Motion Visualization Example
AWS Architecture Overview
Warning Message Example
Quick Correction: In the demo video I use the unit "g", however the values are actually represented in m/s^2.
With the recent advancements in transportation and smart vehicles, I was surprised to find that electronic vehicles and smart cars still lack the ability to measure and analyze real-time motion data given the significance of insights possible. Realizing the value of the kinetic data and the diversity of insights, I decided to create a fully connected IoT device that can quantify 3D acceleration data and enable real-time analyses and visualization of that 3D motion data. Furthermore, I coupled this data with noise and temperature information to create additional context and implement safety features.
The 3D acceleration data has many use-cases, however I find applications for driving particularly interesting. The data can be used to:
- Detect unusual changes in vehicle performance, over time
- Measure the quality of a ride by quantifying g-force
- Detect life-threatening car accidents and notify authorities
- Map road hazards, such as potholes using the z-axis
How does it work
There are two pieces of hardware used in this project, one is the Onion Omega2+, which is an embedded Linux computer and the other is the Adafruit Circuit Playground, which is a micro-controller and is used here for its set of comprehensive on-board sensors and cool-looking lights!
The micro-controller is programmed to measure 3D acceleration, temperature and noise every 1 second! It then sends that data to the Omega2+ using UART protocol. The Omega2+ then sends that data to AWS IoT using MQTT protocol.
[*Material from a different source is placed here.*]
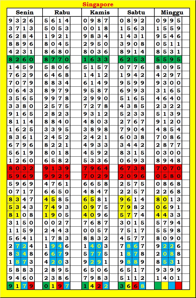 MASTER SINGAPURA Senin, 02-03-2026 Merupakan Prediksi Otomatis yang menggabungkan Metode Kalender Togel Dengan Rumus-rumus kontrol yang sudah terbukti keakuratanya.Gunakan Aplikasi Rekap untuk mendapatkan LN TOP. Harap Maklum Jika kadang meleset MASTER SINGAPURA kita. Jadikan ini sebagai perbandingan saja dan tetap UPS

Upon arrival of data at AWS IoT, any appropriate action is taken in real-time if necessary, such as sending an emergency notification. The data arrival also triggers a AWS IoT rule, which sends the data through the first firehose. Then comes AWS Kinesis, which receives the data in batches from the first firehose and performs real-time analytics, such as calculating the aggregate g-force in each direction. Then the data flows through the destination firehose and is stored in a S3 bucket. Finally, the data can be visualized and further analyzed using Amazon QuickSight.
Challenges I ran into
While there were many challenges when it came to creating and configuring different components of AWS to work together, the biggest challenge was to implement this idea with actual sensor data collected in real time. This project pushed me to take my hardware/software and interfacing skills to the next level, as I had to not only interface with multiple live sensor data, also do this on an embedded system with limited resources AND be in constant communication with the cloud. This meant composing a portable, powerful and power-efficient hardware solution, which is also cloud-connected.
Accomplishments that I'm proud of
Being able to successfully translate physical force into 0s and 1s stored in the cloud. Live!
What I learned
I learned that using simulated data can be misleading sometimes, as the real challenge in some cases is generating the data from scratch. It was also great exploring the AWS IoT platform and learning about all the great features!
What's next for KinetiConnect
KinetiConnect can be utilized by car manufacturers to track and improve their vehicle's performance and extract invaluable insights. It can be used at a national scale to improve road and transportation infrastructure, or by individuals to improve driving habits and most importantly improve safety through features, such as the automatic emergency notification system.